Stored records:
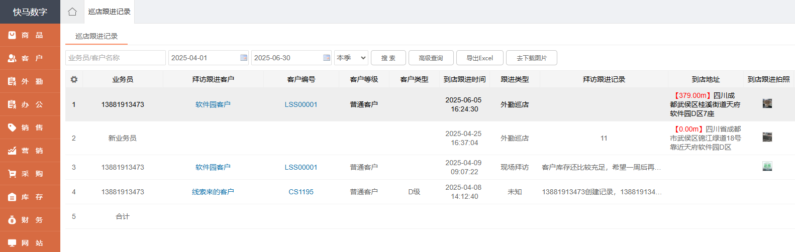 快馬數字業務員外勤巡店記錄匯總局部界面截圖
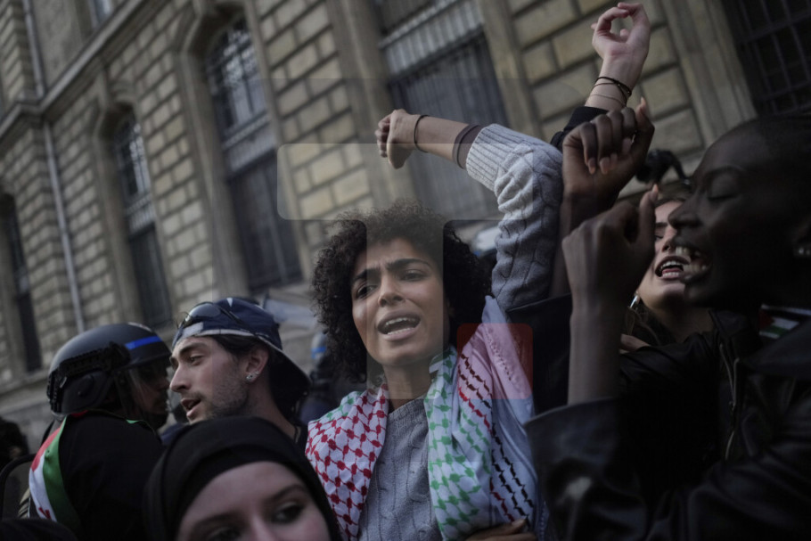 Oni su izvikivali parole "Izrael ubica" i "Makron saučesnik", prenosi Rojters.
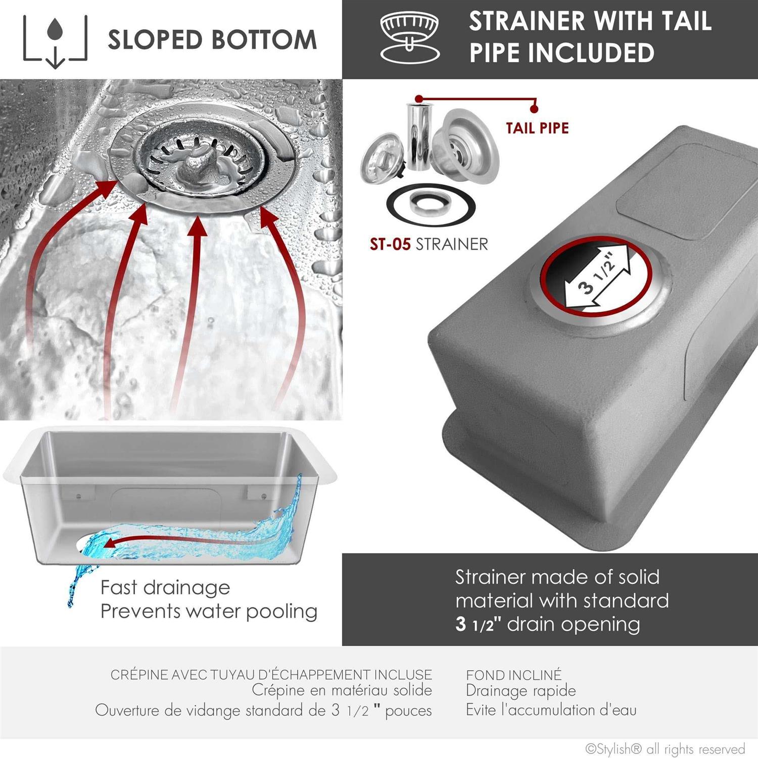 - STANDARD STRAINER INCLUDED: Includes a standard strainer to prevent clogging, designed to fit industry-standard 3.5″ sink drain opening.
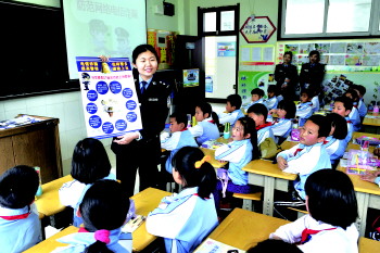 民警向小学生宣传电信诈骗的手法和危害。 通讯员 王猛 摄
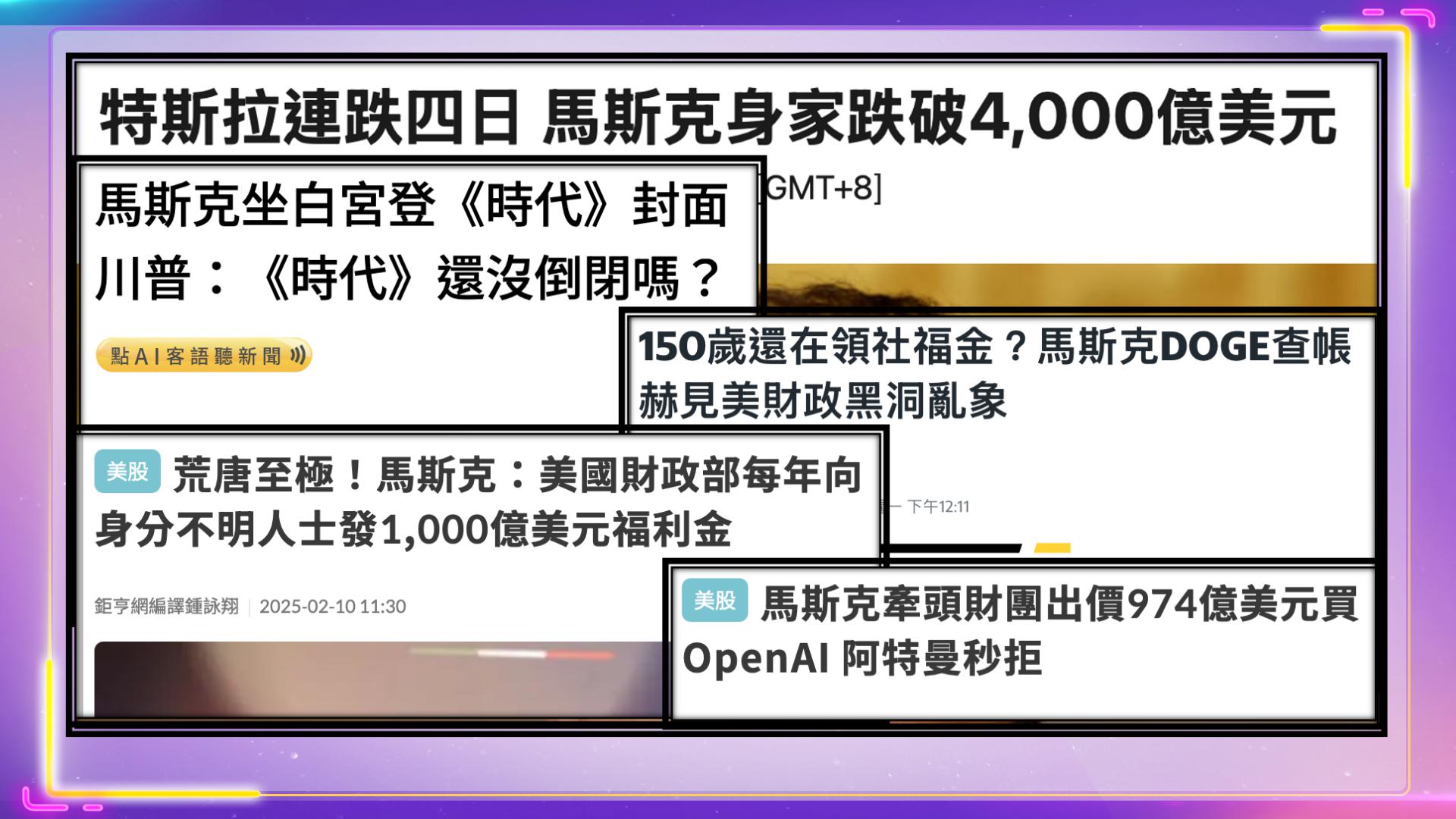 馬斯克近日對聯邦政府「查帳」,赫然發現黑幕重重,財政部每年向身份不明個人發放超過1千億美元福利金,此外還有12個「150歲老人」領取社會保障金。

■ **TASK OBJECTIVE**
All lines between the one that contains "- STANDARD STRAINER" and the end of the records above, both included, are to be returned exactly as they stand, except for pictures, which are omitted.

■ **YOUR RESPONSE**
 - STANDARD STRAINER INCLUDED: Includes a standard strainer to prevent clogging, designed to fit industry-standard 3.5″ sink drain opening.
 民警向小学生宣传电信诈骗的手法和危害。 通讯员 王猛 摄
 馬斯克近日對聯邦政府「查帳」,赫然發現黑幕重重,財政部每年向身份不明個人發放超過1千億美元福利金,此外還有12個「150歲老人」領取社會保障金。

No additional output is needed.